3 Tests and numerical convergence

In this section, we benchmark the accuracy of our method and check our numerical implementation with tests, two static and one dynamic, respectively. We start by retrieving the potential associated with a Gaussian vertical distribution.

3.1 1D vertical test

Through this test, we aim to demonstrate that both our methods, coupled with the ZP technique, provide correct and accurate results in a setup where vertical vacuum BCs are considered. Therefore, we initiated the density profile as a shifted Gaussian, $$\rho (z)=\{\begin{array}{ll}{e}^{-\frac{1}{2}{(z-z_0)}^2}& \text{\hspace{0.17em}if\hspace{0.17em}}\\ 0& \text{\hspace{0.17em}else\hspace{0.17em}}\end{array}z\in [-L_z/2,L_z/2],$$(16)

where the extent of the numerical window in the vertical direction is [−L_z/2, L_z/2]. Here, it is particularly important to also solve the Poisson equation in the vacuum regions by ensuring the continuity of the potential and its derivative at the vertical boundaries of the box, and ensuring that the force associated with the potential is symmetric with respect to z far away from the midplane, that is, dΦ/dz(−∞) = −dΦ/dz (+∞). With these considerations in mind, the gravitational potential in the numerical window (i.e. [−L_z/2, L_z/2]) is: $$\frac{\mathrm{\Phi }(z)}{4\pi G}=\sqrt{\frac{\pi }{2}}(z-z_0)\mathrm{erf}\left(\frac{z-z_0}{\sqrt{2}}\right)+e^{-\frac{1}{2}{(z-z_0)}^2}+az,$$(17)

with $$a=-\frac{1}{2}\sqrt{\frac{\pi }{2}}[\mathrm{erf}\left(\frac{-L_z/2-z_0}{\sqrt{2}}\right)+\mathrm{erf}\left(\frac{L_z/2-z_0}{\sqrt{2}}\right)],$$(18)

and where we took the integration constant equal to zero.

For this test, we chose the fiducial parameters L_x = L_y = L_z = 6, as well as N_x = N_y = N_z = 128, and z₀ = [0, 2.0]. The choice of a uniform cubic grid, although not necessary, allowed us to infer the limit of optimal accuracy.

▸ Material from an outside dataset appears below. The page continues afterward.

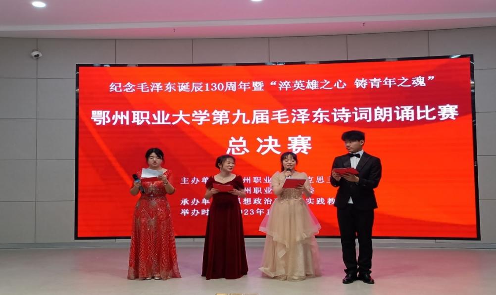 在毛泽东同志诞辰130周年来临之际,为激励本校师生从感悟伟人经典诗词中传承红色精神,赓续红色薪火,汲取新时代前行的力量,12月7日下午,鄂州职业大学第九届毛泽东诗词朗诵比赛总决赛在五号教学楼W102多功能厅拉开帷幕。

Similarly, the offset parameter, z₀, allowed us to compare a symmetric and an off-centre density distribution, respectively.

In the top panel of Fig. 1, we show the analytic solution for the gravitational potential and compare it with the numerical results provided by both our spectral methods. For the sake of comparison, in these graphics, we subtracted a constant such that all potentials have a minimum equal to 1. The analytical prediction and numerical estimates for the centred and shifted distributions are indistinguishable. More specifically, in the bottom panel of Fig. 1 we depicted the relative error, $$ϵ=\left|\frac{{\mathrm{\Phi }}_{num}-{\mathrm{\Phi }}_a}{{\mathrm{\Phi }}_a}\right|,$$(19)

which ranges between 10⁻⁶ and 10⁻⁴ for the shifted distribution. For the centred distribution, the numerical and analytical potential are identical, except in four points close to the midplane where the relative error is only about 10⁻⁷.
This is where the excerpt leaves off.